Based On @KVignesh122 's works. thank you buddy!

# based on cuda 11.8, other versions may have compatibility issues
# for cudnn version check https://onnxruntime.ai/docs/execution-providers/CUDA-ExecutionProvider.html#requirements
# and https://docs.nvidia.com/deeplearning/cudnn/archives/cudnn-895/install-guide/index.html
sudo apt-get install libcudnn8=8.9.2.26-1+cuda11.8 -y
# directly installing rembg[gpu] will cause dependency issues
# so install it separately
pip3 install onnxruntime-gpu==1.18.0
pip3 install rembg[gpu]==2.0.50 --no-deps
pip3 install numpy opencv-python-headless pillow pooch pymatting scikit-image scipy tqdm

# test & enjoy
python3 -c "from rembg import remove, new_session; from PIL import Image; output = remove(Image.open('i.png'), session=new_session('u2net', ['CUDAExecutionProvider'])); output.save('o.png')"
KVig122 commented 4 months ago
print(new_session('u2net', ['CUDAExecutionProvider'])).inner_session.get_providers())
# You still get ['CPUExecutionProvider']

Solution still doesn't work buddy @Mr47hsy 😭

Mr47hsy commented 4 months ago

@KVig122 hi , it was worked in my side:

image

Try to identify the specific cause by:

import  onnxruntime as ort

print(f"onnxruntime device: {ort.get_device()}") # output: GPU
print(f'ort avail providers: {ort.get_available_providers()}') # output: ['CUDAExecutionProvider', 'CPUExecutionProvider']

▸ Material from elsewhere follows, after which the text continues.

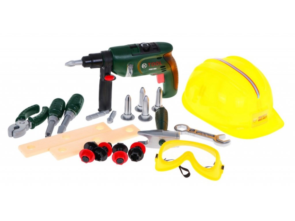 A nagyméretű műanyag Toolbox szerszámkészlet sisakkal, fúróval és szemüveggel ideális játék minden kis barkácsolónak. A készlet számos alkatrészt tartalmaz, beleértve a kalapácsot, villáskulcsot, csavarokat, fogókat, alkatrészeket, anyákat és egyéb szerszámokat. A készlethez tartozik még egy akkumulátoros fúró is, mely bekapcsoláskor jellegzetes hangot ad ki. A játék 36 hónapos kortól gyermekek számára készült.

ort_session = ort.InferenceSession('/root/.u2net/u2net.onnx', providers=["CUDAExecutionProvider"])
print(ort_session.get_providers())
WindowsNT commented 4 months ago

Same error here. Excellent results, but CPU only.

github-actions[bot] commented 3 months ago

This issue is stale because it has been open for 30 days with no activity.

github-actions[bot] commented 2 months ago

This issue was closed because it has been inactive for 14 days since being marked as stale.